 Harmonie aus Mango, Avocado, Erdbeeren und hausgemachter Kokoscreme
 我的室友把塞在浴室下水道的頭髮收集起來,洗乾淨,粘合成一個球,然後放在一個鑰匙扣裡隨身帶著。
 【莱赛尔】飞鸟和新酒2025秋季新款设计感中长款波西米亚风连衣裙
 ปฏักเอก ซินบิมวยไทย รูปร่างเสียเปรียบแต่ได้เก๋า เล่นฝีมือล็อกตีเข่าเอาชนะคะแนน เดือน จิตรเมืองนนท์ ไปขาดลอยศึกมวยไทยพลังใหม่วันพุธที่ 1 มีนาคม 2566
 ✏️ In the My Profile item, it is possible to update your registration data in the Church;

* * *

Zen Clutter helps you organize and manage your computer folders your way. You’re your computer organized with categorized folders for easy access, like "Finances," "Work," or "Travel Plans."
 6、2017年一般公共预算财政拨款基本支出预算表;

§ EXERCISE PROMPT
Bring together all lines of the entries above in which the string "your" occurs.

§ WRITTEN RESPONSE
 ✏️ In the My Profile item, it is possible to update your registration data in the Church;
Zen Clutter helps you organize and manage your computer folders your way. You’re your computer organized with categorized folders for easy access, like "Finances," "Work," or "Travel Plans."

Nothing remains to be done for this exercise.